◆ Action item ◆
Set down exactly the lines below between the line holding "adjustable base, | |" and the line holding "for summer |", inclusive; no other line belongs in the answer.
** Data in this exercise follows **
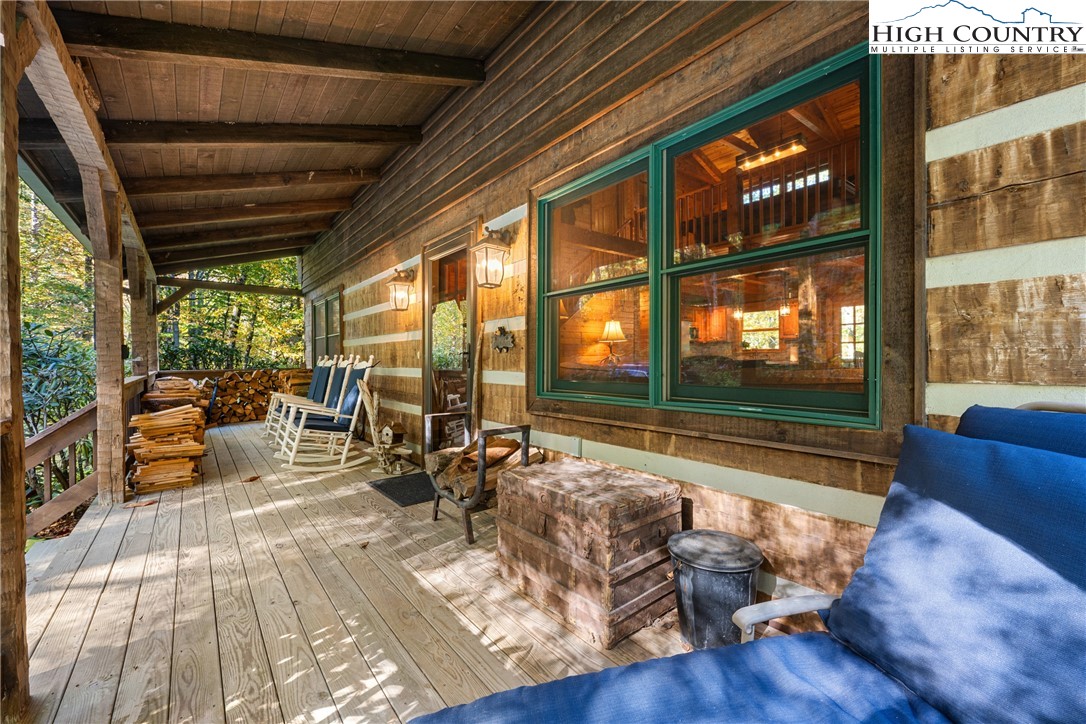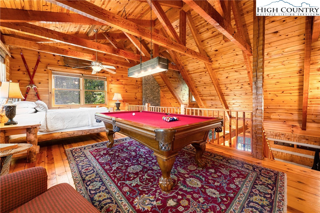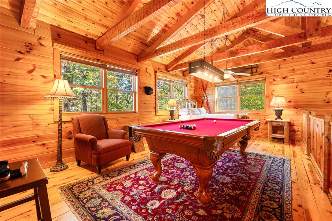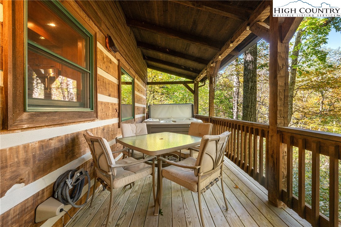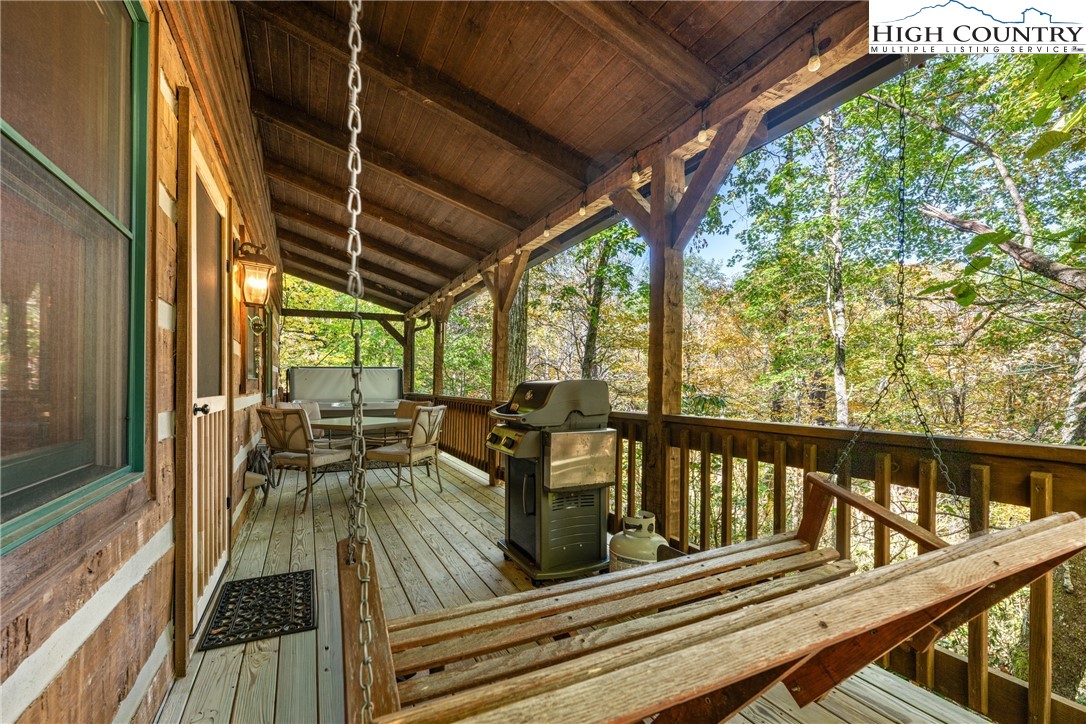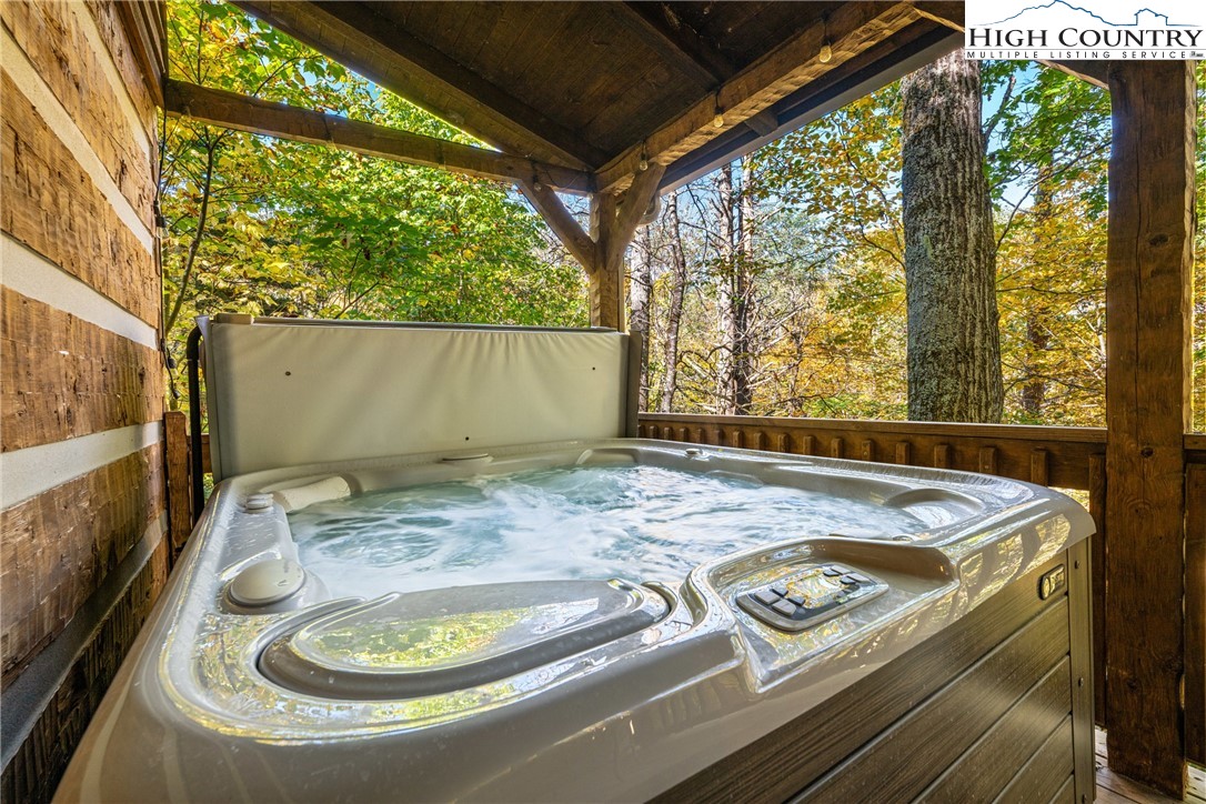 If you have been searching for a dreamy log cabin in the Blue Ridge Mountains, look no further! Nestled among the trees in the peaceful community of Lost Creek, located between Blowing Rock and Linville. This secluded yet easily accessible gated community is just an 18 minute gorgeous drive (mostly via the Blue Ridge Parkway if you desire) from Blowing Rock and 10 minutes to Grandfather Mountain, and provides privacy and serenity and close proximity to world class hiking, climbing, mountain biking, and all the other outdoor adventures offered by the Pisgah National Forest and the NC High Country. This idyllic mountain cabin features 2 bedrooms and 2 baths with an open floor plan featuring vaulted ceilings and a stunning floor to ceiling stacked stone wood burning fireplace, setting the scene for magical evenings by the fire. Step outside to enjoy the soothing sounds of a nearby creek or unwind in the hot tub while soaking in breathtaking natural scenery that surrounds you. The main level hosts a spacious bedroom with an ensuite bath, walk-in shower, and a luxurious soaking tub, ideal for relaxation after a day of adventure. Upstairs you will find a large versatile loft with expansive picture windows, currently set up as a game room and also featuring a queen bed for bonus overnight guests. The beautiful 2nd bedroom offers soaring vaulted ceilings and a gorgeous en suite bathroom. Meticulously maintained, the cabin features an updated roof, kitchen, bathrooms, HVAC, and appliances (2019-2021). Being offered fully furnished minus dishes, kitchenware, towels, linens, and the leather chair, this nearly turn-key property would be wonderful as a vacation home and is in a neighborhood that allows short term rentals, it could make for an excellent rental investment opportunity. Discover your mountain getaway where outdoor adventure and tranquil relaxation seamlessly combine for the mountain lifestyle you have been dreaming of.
** End of Data in this exercise **
** Data in this exercise follows **
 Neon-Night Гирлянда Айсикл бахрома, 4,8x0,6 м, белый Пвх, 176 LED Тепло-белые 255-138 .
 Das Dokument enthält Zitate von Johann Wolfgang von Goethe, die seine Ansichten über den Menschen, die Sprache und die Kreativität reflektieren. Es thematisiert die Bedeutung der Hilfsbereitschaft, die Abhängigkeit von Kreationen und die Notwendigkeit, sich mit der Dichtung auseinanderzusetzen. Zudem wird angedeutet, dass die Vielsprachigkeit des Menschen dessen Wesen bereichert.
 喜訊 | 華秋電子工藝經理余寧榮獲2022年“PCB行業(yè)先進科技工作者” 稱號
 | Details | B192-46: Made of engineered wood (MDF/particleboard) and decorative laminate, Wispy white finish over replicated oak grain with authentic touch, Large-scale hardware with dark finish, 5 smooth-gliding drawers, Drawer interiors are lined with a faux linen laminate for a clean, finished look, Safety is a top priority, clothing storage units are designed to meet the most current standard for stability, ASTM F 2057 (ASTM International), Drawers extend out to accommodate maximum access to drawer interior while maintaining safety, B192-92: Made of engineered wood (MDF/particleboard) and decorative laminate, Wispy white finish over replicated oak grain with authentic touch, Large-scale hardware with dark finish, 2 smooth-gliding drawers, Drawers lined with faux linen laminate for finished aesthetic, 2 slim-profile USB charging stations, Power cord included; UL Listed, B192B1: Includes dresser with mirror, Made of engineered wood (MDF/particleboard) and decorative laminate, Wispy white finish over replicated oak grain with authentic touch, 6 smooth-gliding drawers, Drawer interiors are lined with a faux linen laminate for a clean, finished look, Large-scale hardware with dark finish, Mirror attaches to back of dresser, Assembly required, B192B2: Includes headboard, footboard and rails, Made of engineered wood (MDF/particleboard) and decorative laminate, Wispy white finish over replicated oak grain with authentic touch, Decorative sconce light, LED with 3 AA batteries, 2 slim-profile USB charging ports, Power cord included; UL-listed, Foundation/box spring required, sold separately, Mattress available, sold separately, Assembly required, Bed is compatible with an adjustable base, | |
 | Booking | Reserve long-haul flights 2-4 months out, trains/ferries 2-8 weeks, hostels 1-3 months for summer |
** End of Data in this exercise **
◆ Exercise answer ◆
 | Details | B192-46: Made of engineered wood (MDF/particleboard) and decorative laminate, Wispy white finish over replicated oak grain with authentic touch, Large-scale hardware with dark finish, 5 smooth-gliding drawers, Drawer interiors are lined with a faux linen laminate for a clean, finished look, Safety is a top priority, clothing storage units are designed to meet the most current standard for stability, ASTM F 2057 (ASTM International), Drawers extend out to accommodate maximum access to drawer interior while maintaining safety, B192-92: Made of engineered wood (MDF/particleboard) and decorative laminate, Wispy white finish over replicated oak grain with authentic touch, Large-scale hardware with dark finish, 2 smooth-gliding drawers, Drawers lined with faux linen laminate for finished aesthetic, 2 slim-profile USB charging stations, Power cord included; UL Listed, B192B1: Includes dresser with mirror, Made of engineered wood (MDF/particleboard) and decorative laminate, Wispy white finish over replicated oak grain with authentic touch, 6 smooth-gliding drawers, Drawer interiors are lined with a faux linen laminate for a clean, finished look, Large-scale hardware with dark finish, Mirror attaches to back of dresser, Assembly required, B192B2: Includes headboard, footboard and rails, Made of engineered wood (MDF/particleboard) and decorative laminate, Wispy white finish over replicated oak grain with authentic touch, Decorative sconce light, LED with 3 AA batteries, 2 slim-profile USB charging ports, Power cord included; UL-listed, Foundation/box spring required, sold separately, Mattress available, sold separately, Assembly required, Bed is compatible with an adjustable base, | |
 | Booking | Reserve long-haul flights 2-4 months out, trains/ferries 2-8 weeks, hostels 1-3 months for summer |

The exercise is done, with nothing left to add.